热门标签:
Q:

Python做\g锚定解析循环的方式是什么?

下面是我多年前写的一个perl函数。 它是一个聪明的标记器,可以识别一些可能不应该粘在一起的事情。 例如,给定左侧的输入,它将字符串分割为右侧所示:

abc123  -> abc|123
abcABC  -> abc|ABC
ABC123  -> ABC|123
123abc  -> 123|abc
123ABC  -> 123|ABC
AbcDef  -> Abc|Def    (e.g.

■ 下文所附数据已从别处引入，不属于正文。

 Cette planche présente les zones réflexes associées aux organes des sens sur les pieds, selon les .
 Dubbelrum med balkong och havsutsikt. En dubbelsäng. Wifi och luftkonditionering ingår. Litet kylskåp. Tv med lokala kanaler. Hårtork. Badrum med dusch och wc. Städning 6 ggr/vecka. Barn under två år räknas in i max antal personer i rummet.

CamelCase)
ABCDef  -> ABC|Def    
1stabc  -> 1st|abc    (recognize valid ordinals)
1ndabc  -> 1|ndabc    (but not invalid ordinals)
11thabc -> 11th|abc   (recognize that 11th - 13th are different than 1st - 3rd)
11stabc -> 11|stabc

我现在正在做一些机器学习实验,我想做一些使用这个标记器的实验。 但首先,我需要将它从Perl移植到Python。 这段代码的关键是使用\G锚点的循环,我听到的东西在python中不存在。 我已经尝试谷歌搜索这是如何在Python中完成的,但我不确定究竟要搜索什么,所以我很难找到答案。

你会如何用Python编写这个函数?

sub Tokenize
# Breaks a string into tokens using special rules,
# where a token is any sequence of characters, be they a sequence of letters, 
# a sequence of numbers, or a sequence of non-alpha-numeric characters
# the list of tokens found are returned to the caller
{
    my $value = shift;
    my @list = ();
    my $word;

    while ( $value ne '' && $value =~ m/
        \G                # start where previous left off
        ([^a-zA-Z0-9]*)   # capture non-alpha-numeric characters, if any
        ([a-zA-Z0-9]*?)   # capture everything up to a token boundary
        (?:               # identify the token boundary
            (?=[^a-zA-Z0-9])       # next character is not a word character 
        |   (?=[A-Z][a-z])         # Next two characters are upper lower
        |   (?<=[a-z])(?=[A-Z])    # lower followed by upper
        |   (?<=[a-zA-Z])(?=[0-9]) # letter followed by digit
                # ordinal boundaries
        |   (?<=^1(?i:st))         # first
        |   (?<=[^1][1](?i:st))    # first but not 11th
        |   (?<=^2(?i:nd))         # second
        |   (?<=[^1]2(?i:nd))      # second but not 12th
        |   (?<=^3(?i:rd))         # third
        |   (?<=[^1]3(?i:rd))      # third but not 13th
        |   (?<=1[123](?i:th))     # 11th - 13th
        |   (?<=[04-9](?i:th))     # other ordinals
                # non-ordinal digit-letter boundaries
        |   (?<=^1)(?=[a-zA-Z])(?!(?i)st)       # digit-letter but not first
        |   (?<=[^1]1)(?=[a-zA-Z])(?!(?i)st)    # digit-letter but not 11th
        |   (?<=^2)(?=[a-zA-Z])(?!(?i)nd)       # digit-letter but not first
        |   (?<=[^1]2)(?=[a-zA-Z])(?!(?i)nd)    # digit-letter but not 12th
        |   (?<=^3)(?=[a-zA-Z])(?!(?i)rd)       # digit-letter but not first
        |   (?<=[^1]3)(?=[a-zA-Z])(?!(?i)rd)    # digit-letter but not 13th
        |   (?<=1[123])(?=[a-zA-Z])(?!(?i)th)   # digit-letter but not 11th - 13th
        |   (?<=[04-9])(?=[a-zA-Z])(?!(?i)th)   # digit-letter but not ordinal
        |   (?=$)                               # end of string
        )
    /xg )
    {
        push @list, $1 if $1 ne '';
        push @list, $2 if $2 ne '';
    }
    return @list;
}

我确实尝试使用re。split()与上面的变化。 但是,split()拒绝在零宽度匹配上分裂(如果一个人真的知道自己在做什么,这种能力应该是可能的)。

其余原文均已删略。